Now let’s run diagnostic and re-run the forecast using the two best model for US and Vietnam.
fit1 <- covid %>% filter(administrative_area_level_1 == "United States") %>%
model(ETS(confirmed ~ error("M") + trend("A") + season('A')))
fit1 %>% gg_tsresiduals() +ggtitle("ETS diagnostic US")
fit2 <- covid %>% filter(administrative_area_level_1 == "Vietnam") %>%
model(ETS(confirmed ~ error("M") + trend("Ad") + season('N')))
fit2 %>% gg_tsresiduals() +ggtitle("ETS diagnostic Vietnam")
Both ACF graphs show strong autocorrelations between lags. In both countries, the residuals do not variate too much, expect for period early 2020, there are big fluctuations in residuals when pandemic just started.

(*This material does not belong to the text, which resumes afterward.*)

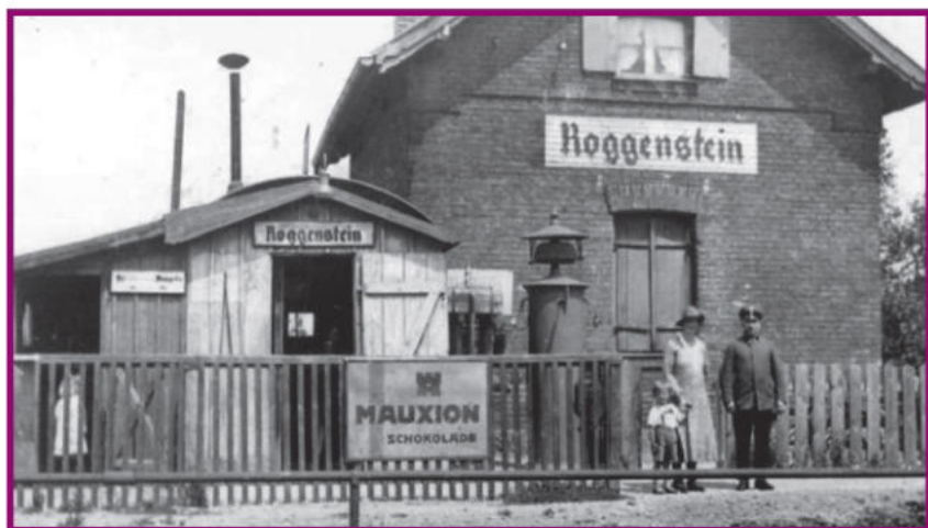
Haltestelle der Königlich Bayerischen Staatsbahn beim Gut Roggenstein. Das voluminöse Läutewerk erinnert an Zeiten ohne Telefon. Die Glockensignale kündigten dem Wärter die Annäherung eines Zuges an.

p1 <- fit1 %>% forecast(h = 360) %>% autoplot(covid, level = NULL) +
labs(title = "US Covid cases forecast", x = "", y ="") + scale_y_continuous( labels = scales::comma)
p2 <- fit2 %>% forecast(h = 360) %>% autoplot(covid, level = NULL) +
labs(title = "Vietnam Covid cases forecast", x = "", y ="") + scale_y_continuous( labels = scales::comma)
p1 + p2 + plot_layout(ncol = 1)
The final model forecast the number Covid19 cases in United State will keep increasing in the next 12 months and will hit 120k in mid 2024. Meanwhile, Vietnam has been forecasted to be stable, no fluctuation and the total number is kept under 12k in the next year.